L.L. Cavalli-Sforza on Human Races
from Bodmer and Cavalli-Sforza, Genetics,
Evolution,
and Man, 1976
Racial Differentiation
In many cases, biologists over the years have found it useful to divide a species into two or more subspecies, or races. The criteria for the definition of races - based on geographic distribution and various features of the body - yield classifications similar to those obtained using genetic markers. Use of genetic markers also shows very clearly that there are no “pure” races. Races are, in fact, generally very far from pure and, as a result, any classification of races is arbitrary, imperfect, and difficult. Yet anyone can see that there are certain relatively clear differences between a typical Caucasoid and a typical Mongoloid or a typical Negroid. What are the causes of racial differentiation? Which differences are cultural and which are biological?
The Human Species
A species is a set of individuals who can interbreed and have fertile progeny.

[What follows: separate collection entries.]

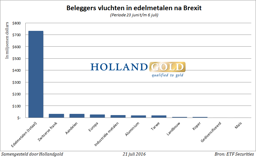 Na de Brexit vluchtte er ruim $700 miljoen richting edelmetaal ETF's
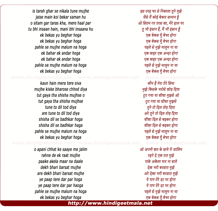 Lyrics of Is Tarah Tune Ghar Se Nikala Mujhe - इस तरह तूने घर से निकाला मुझेis tarah ghar se nikala tune mujhe
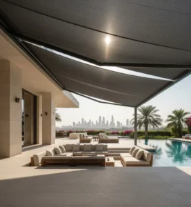 Key Takeaway: Our luxury retractable awnings combine high-performance marine-grade engineering with sophisticated European design, specifically tailored to withstand the intense UV levels of Dubai and Riyadh. By integrating smart automation and heat-reflective fabrics, we provide an architectural solution that extends your outdoor living season while maintaining the aesthetic integrity of your villa. Whether for a private residence or a commercial terrace, these systems offer the ultimate balance of durability, style, and solar protection in the GCC climate.
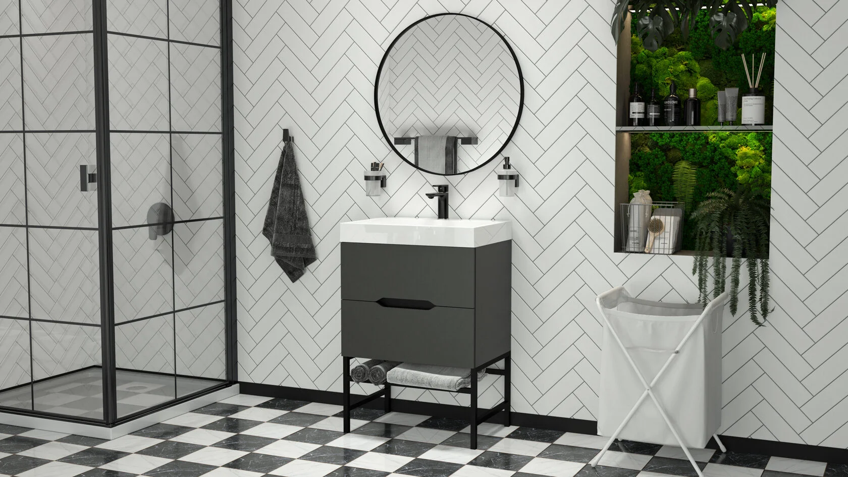 Тумба JUVENTA Afina Af-60 антрацит зі стільницею МДФ та умивальником Neon-45
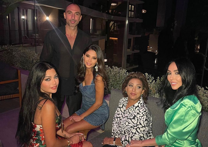 وكانت هيفاء وهبي قد تألقت في حفل عشاء في قبرص، جمعها بأفراد عائلتها وشقيقتها هناء وخطيب شقيقتها. واختارت هيفاء فستاناً بنقشة الورود من دون كمّين، باللونين الأحمر والأخضر، وتركت شعرها منسدلاً على كتفيها، وتزين الفستان بالشراريب على جهة الساقين.
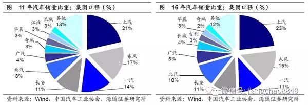 汽车行业龙头优势显著。我们采用厂家销量数据,考察汽车行业制造业集中度。根据中国汽车工业协会数据,16年上汽集团汽车销量647万辆,占全行业的23%,是第二名东风集团(428万辆)的1.5倍,前两家销量占比接近40%,而第三至五名销量均在300万辆左右。事实上,过去5年间,上汽、东风、一汽、长安、北汽、广汽包揽了销量前6名,6家合计占比从11年的75.1%提升至16年的76.4%。此外,华晨、长城、江淮、奇瑞、吉利也都是销量前十名的常客。整体而言,汽车行业排名较为稳定。
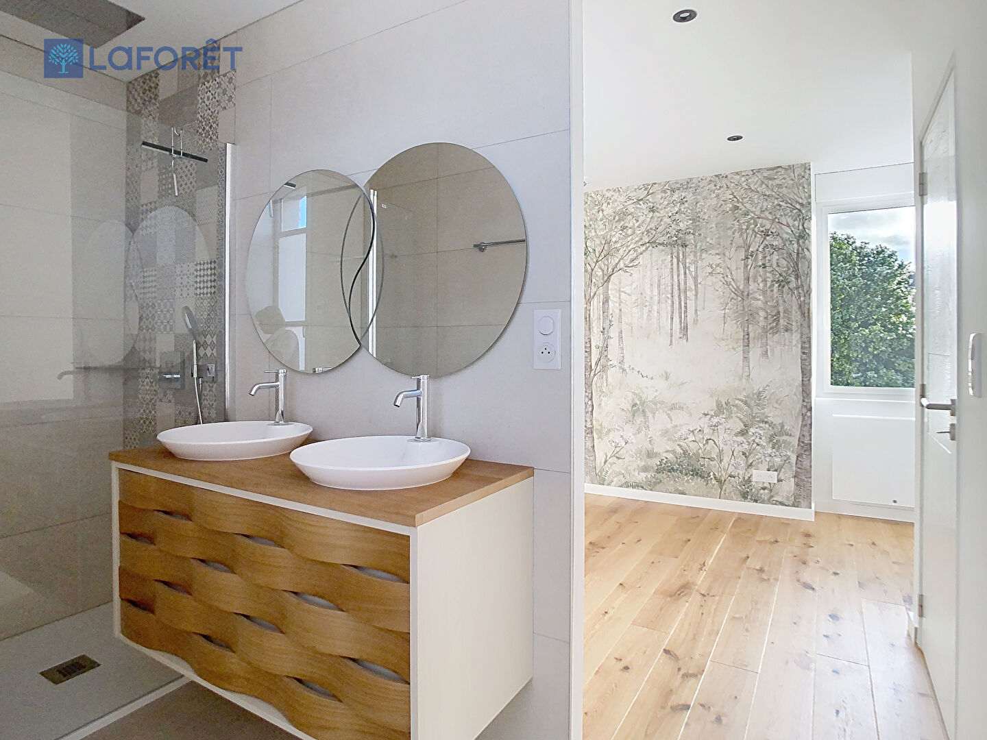 Au 1er étage, le palier dessert deux belles chambres avec dressing et placard. Chacune disposant d'une salle d'eau privative. Local technique/buanderie, WC.
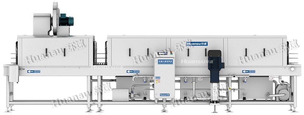 隨著食品工業(yè)化的快速發(fā)展,越來越多的食品廠家開始使用機械設備來代替人工進行部分的工作,從而減少人工成本,提高標準。其中一些盛放食材的塑料筐的清洗便有了塑料筐清洗機來進行清洗,但是使用機械清洗也存在著很多的弊端,如清洗不透徹帶來很多食品安全隱患;風干不透徹,降低了容器使用效率;清洗過程添加大量清洗劑與消毒劑,對工廠車間造成排放困擾;設備本身無法清洗透徹,容易滋生大量細菌,成為二次污染源。為了解決以上問題,環(huán)速研發(fā)人員研發(fā)了可加裝風干與烘干的塑料筐清洗機,提高清洗效率。
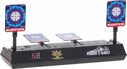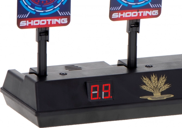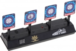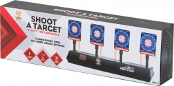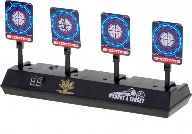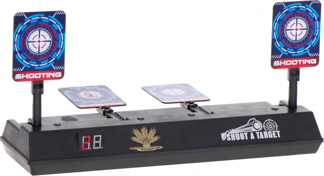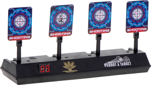 Forbedr din sigte med en elektronisk skydeskive med fire nedklappelige mål og et digitalt scoretæller. Ideel til legetøjspistoler med skumdartpile, og byder på lys- og lydeffekter for endnu mere sjov. Når alle fire mål rammes, rejser skiverne sig automatisk, så legen kan fortsætte.
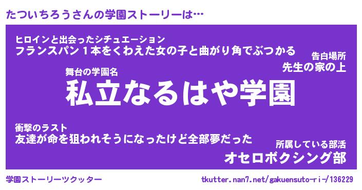 | 男性向けラノベタイトル風あだ名 | 『たついちろうの憂鬱』 |
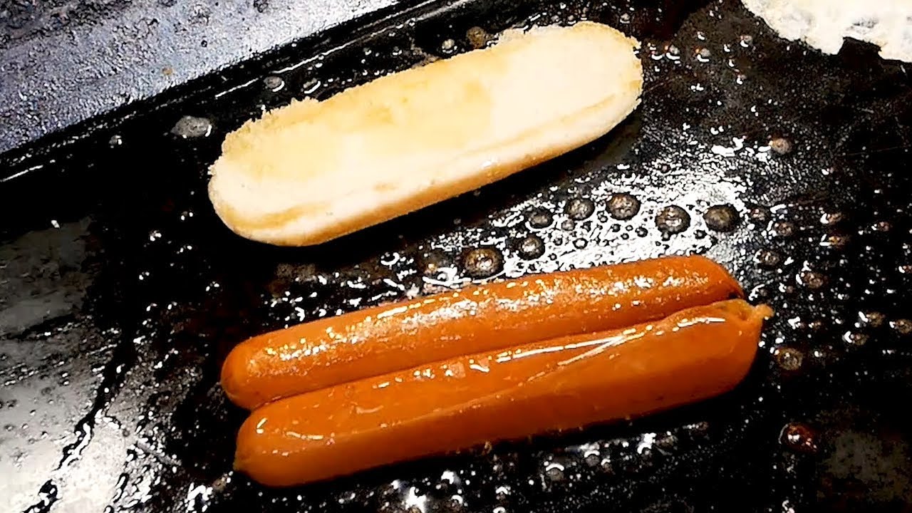 Ansatt i en kantine i Korea forbereder en Hot dog. Fikk du sulten;

When Carolus Linnaeus originally defined the concept of a species in 1735, he believed that each species had been separately created by God and had remained unchanged ever since. Therefore he viewed the species as a natural, unchanging precisely definable unit. Already in that century it was clear that the classification into species should bring together individuals capable of interbreeding with each other, but incapable of interbreeding with members of any other species. As taxonomists worked at the task of classifying all known organisms into species, they soon discovered that nature could not be fit perfectly into such rigid pigeonholes. In a classic work on the nature of species written in 1942 the zoologist Ernst Mayr put it this way: “no system of nomenclature and no hierarchy of systematic categories is able to represent adequately the complicated set of interrelationships and divergences found in nature.” It is now clear that existing species have changed and that new species have been formed continuously throughout the history of life on earth. Therefore, there exist many situations that are intermediate between the ideal cases of a single species or of two distinct species.
The members of a species have, potentially at least, a common gene pool. The formation of a new species is a long and complex process. A very important factor in this process of speciation is isolation between two or more populations of the original species. Isolation creates two distinct gene pools, in which evolution may follow different patterns. Isolation may have many origins, the most important one being geographical. Geographical barriers, especially mountains and water, tend to reduce migration and so to create isolation.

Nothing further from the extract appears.